Edited by Kristina Launey.

Seyfarth Synopsis:  The number of access lawsuits has surged in both Arizona state and federal courts, prompting an unprecedented intervention by the Arizona Attorney General.

By our count, nearly 300 ADA Title III lawsuits have been filed in federal court in Arizona this year to date.  This number represents a dramatic increase from 2015 when only 207 lawsuits were filed for the entire year.  In 2013 and 2014, there were only 20 and 8 of such lawsuits, respectively.

Four plaintiffs filed 284 of these nearly 300 2016 Arizona federal court lawsuits:  Damien Mosley (132 suits), Advocates for Individuals with Disabilities Foundation, Inc. (AIDF) (57 suits); Advocates for Individuals with Disabilities LLC (AID) (formerly known as Advocates for American Disabled Individuals, LLC (AADI)) (71 suits); and Santiago Abreau (24 suits).

Even more astonishing is the number of cases AIDF and AID/AADI have filed in Arizona state court under the Arizonians with Disabilities Act (AzADA) since January 2015.  The AzADA is similar to the federal ADA but allows plaintiffs to recover compensatory damages.  Under the ADA, prevailing private plaintiffs can only obtain injunctive relief and attorneys’ fees and costs.

The number of lawsuits filed by AIDF, AID, and AADI in Arizona state court (all in Maricopa County) in 2015 and 2016, according to our own research, are:

  • AID/AADI: 503 cases
  • AIDF: 1121 cases

In total, these plaintiffs have filed 1,624 cases since the beginning of 2015.  Compare that to the 584 suits filed in Arizona federal courts since the beginning of 2015.  Then compare that to the data we’ve collected on lawsuits filed in other states and nationwide.

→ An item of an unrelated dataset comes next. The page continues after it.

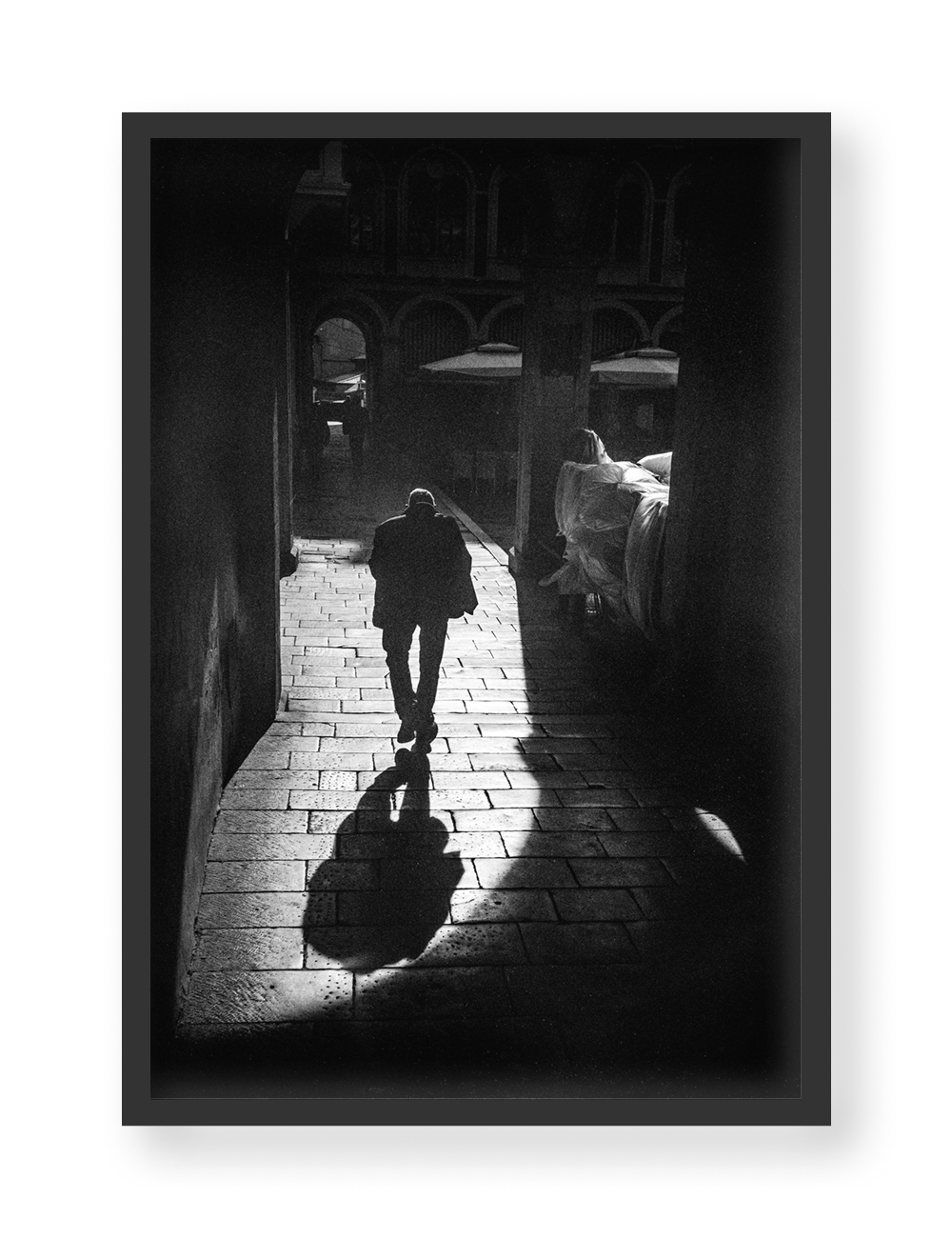 Photographer Mile Modic in this series of analog black-and-white photographs captures the motifs of the old part of the town of Split, recording recognizable faces, places, and situations. In the photo On the Way to the Fish Market, intense contrasts of black and white add mystique to recognizable locations, making them alluring to every observer.

Apparently alarmed by the number of suits flooding the Arizona court system, the Arizona Attorney General has filed a motion asking the Arizona state court in Maricopa County to consolidate all of the pending cases filed by AADI and to allow his intervention to stop what he calls a “systemic abuse of the judicial system.”  The motion provides two grounds for intervention.  First, it states that these lawsuits “imperils the State enforcement regime established by the Legislature” by signaling to other plaintiffs that it is more profitable to file these private suits than to utilize the state’s investigation and enforcement regime created by the AzADA which provides opportunities for a pre-litigation resolution.  Second, the State of Arizona has a strong interest in how the courts apply and interpret the AzADA’s statutory scheme.

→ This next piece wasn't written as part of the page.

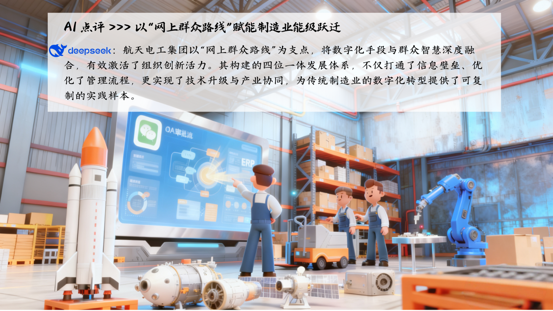 据悉,创立近70年的航天电工集团,面对“十四五”智能制造升级浪潮,突破传统路径依赖,构建起“新媒体矩阵+智能办公+人机协同+民主决策”四位一体的发展体系,将“网上群众路线”深度融入生产经营各环节,推动企业从传统制造“跟跑者”跃升为智能制造“领跑者”。
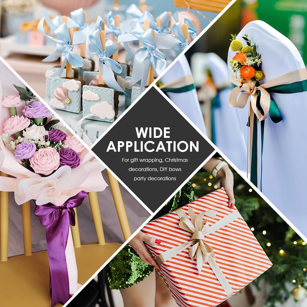 - 【RIBBON FOR CRAFTS WIDELY APPLICATION】 Our fabric ribbon is perfect for craft, gift wrapping, DIY bows, Christmas decoration, wedding invitations card, wedding decoration, hotel decoration, party decoration.

Though outcry over the years over ADA lawsuit abuse has been consistent, as well as multiple legislative attempts at reform with little meaningful effect, we are not aware of any other instance when an enforcement agency has stepped in to address the actions of a serial plaintiff.  We will keep you updated on the developments.

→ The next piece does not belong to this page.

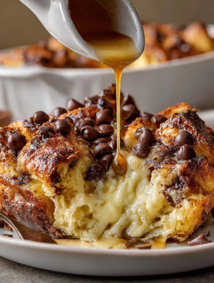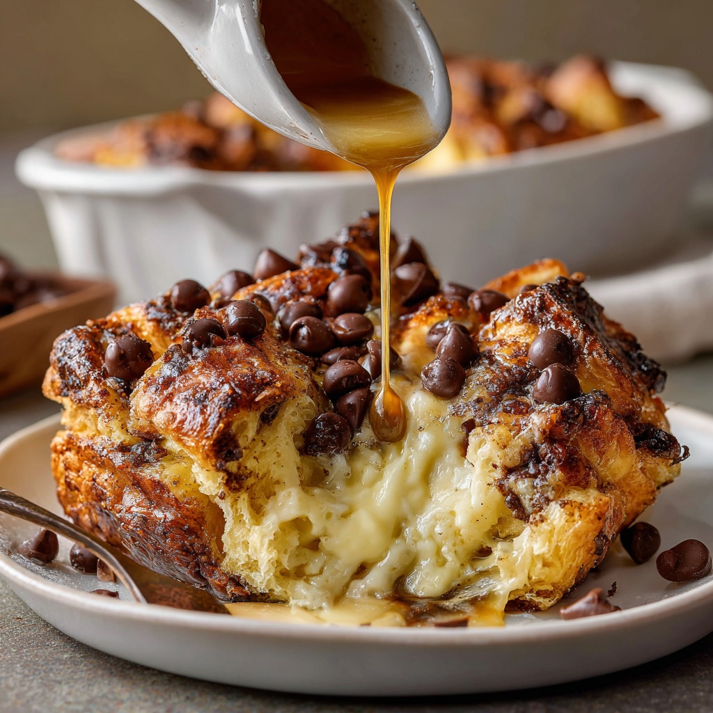A rich and indulgent breakfast bake featuring buttery croissants soaked in a sweet, gooey chocolate custard — perfect for brunch or special mornings.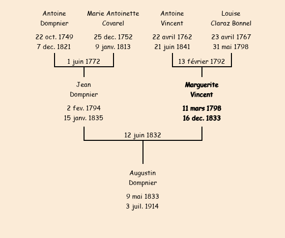 Epouse : Marguerite Vincent, fille de Antoine et de feue Louise Bonnel |

Edited by Kristina Launey.


In honor of the 26th anniversary of the ADA, we are sharing our mid-year count of ADA Title III lawsuits for 2016 and it’s newsworthy:  The number of lawsuits filed in federal court is already at 3,435, up 63% from last year’s mid-year number of 2,114.  If the pace continues, the 2016 total may top 7,000.  To put the numbers into perspective, more lawsuits were filed in the past six months than were filed in all of 2013 when there were a mere 2,722 lawsuits.  The three states with most lawsuits continue to be California, Florida, and New York, but there is a shake-up in the fourth position.  Arizona, with 230 lawsuits, has beaten out Texas.  Based on our own practice, most lawsuits continue to be about physical access barriers but there has been a steady increase in lawsuits about websites that are allegedly not accessible to individuals with disabilities.  We will be provide more analysis at the end of 2016, which promises to be another record-breaking year.